*DATA LISTING*.
++++++++++++++++++++

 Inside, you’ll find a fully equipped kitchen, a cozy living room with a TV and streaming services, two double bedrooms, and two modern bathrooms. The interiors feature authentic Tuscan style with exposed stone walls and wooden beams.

++++++++++++++++++++

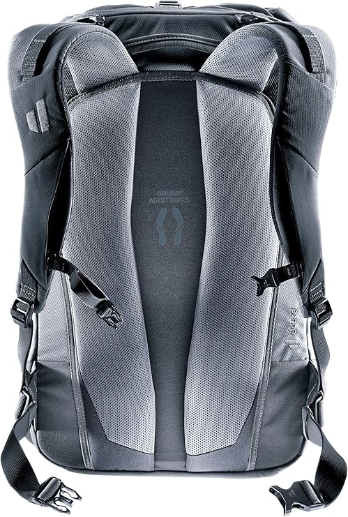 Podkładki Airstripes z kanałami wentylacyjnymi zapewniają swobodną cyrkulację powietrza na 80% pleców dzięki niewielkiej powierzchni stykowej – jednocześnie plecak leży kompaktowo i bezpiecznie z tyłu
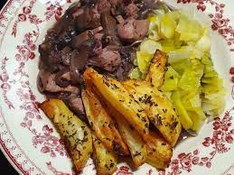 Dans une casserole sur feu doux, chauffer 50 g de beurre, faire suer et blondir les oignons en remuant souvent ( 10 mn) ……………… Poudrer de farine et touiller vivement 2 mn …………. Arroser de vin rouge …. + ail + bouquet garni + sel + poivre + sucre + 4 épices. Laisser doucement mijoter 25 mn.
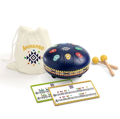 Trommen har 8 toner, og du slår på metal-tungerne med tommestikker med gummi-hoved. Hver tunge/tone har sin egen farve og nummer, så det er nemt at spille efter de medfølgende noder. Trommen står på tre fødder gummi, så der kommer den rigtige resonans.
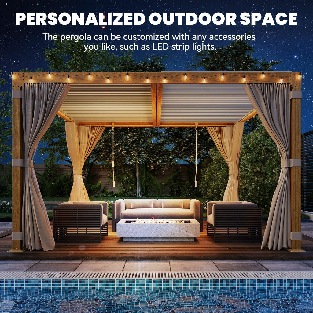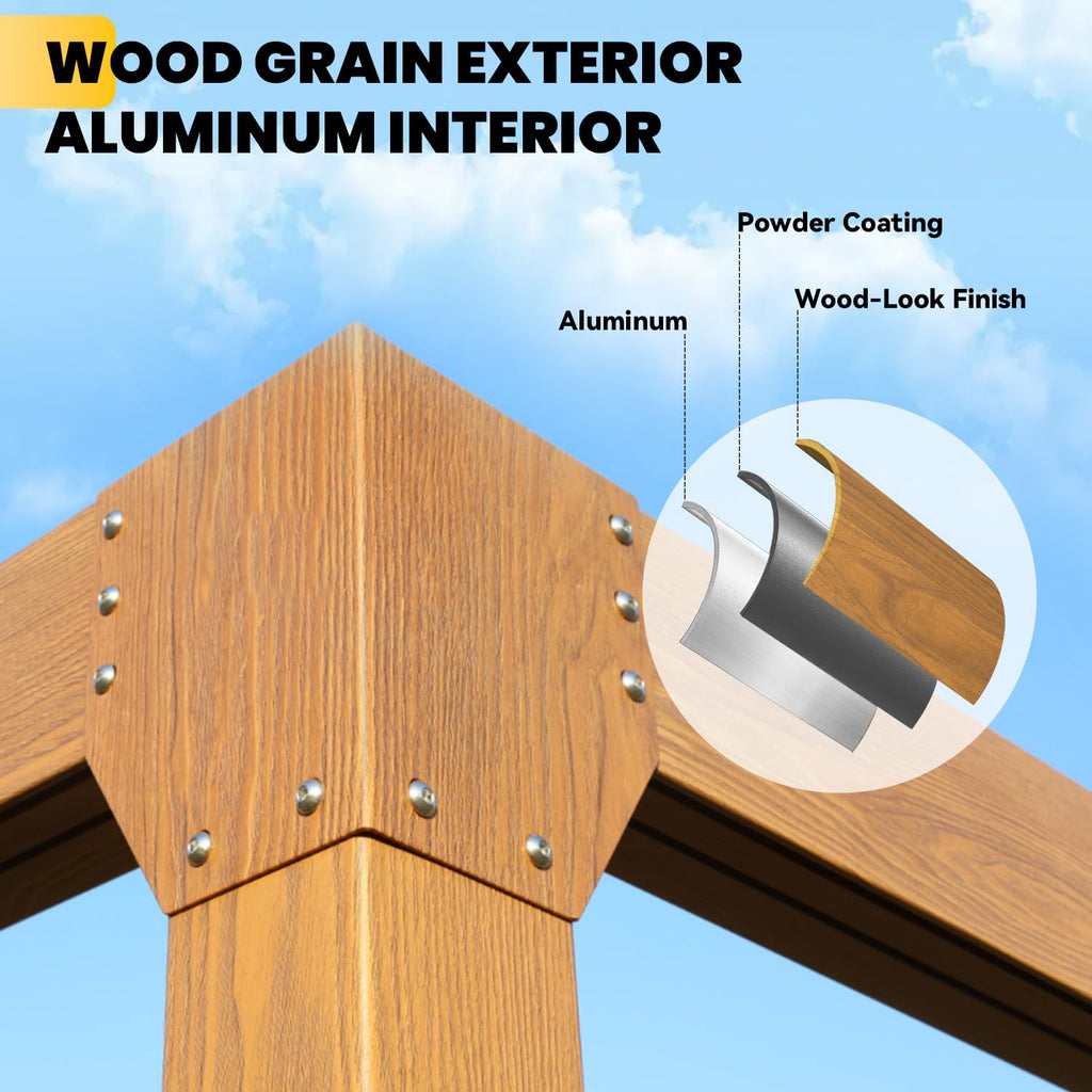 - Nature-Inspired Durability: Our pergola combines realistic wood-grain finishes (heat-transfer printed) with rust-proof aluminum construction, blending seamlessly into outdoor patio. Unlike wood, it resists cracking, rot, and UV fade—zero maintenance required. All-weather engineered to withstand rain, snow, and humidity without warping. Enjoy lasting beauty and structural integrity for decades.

++++++++++++++++++++

*PROBLEM REQUIREMENTS*. In the entries above, find the line that contains "Trommen har 8" and the line that contains "- Nature-Inspired Durability: Our". Reproduce exactly those two lines and every line between them, but not the pictures.

*WRITTEN ANSWER*.
 Trommen har 8 toner, og du slår på metal-tungerne med tommestikker med gummi-hoved. Hver tunge/tone har sin egen farve og nummer, så det er nemt at spille efter de medfølgende noder. Trommen står på tre fødder gummi, så der kommer den rigtige resonans.
 - Nature-Inspired Durability: Our pergola combines realistic wood-grain finishes (heat-transfer printed) with rust-proof aluminum construction, blending seamlessly into outdoor patio. Unlike wood, it resists cracking, rot, and UV fade—zero maintenance required. All-weather engineered to withstand rain, snow, and humidity without warping. Enjoy lasting beauty and structural integrity for decades.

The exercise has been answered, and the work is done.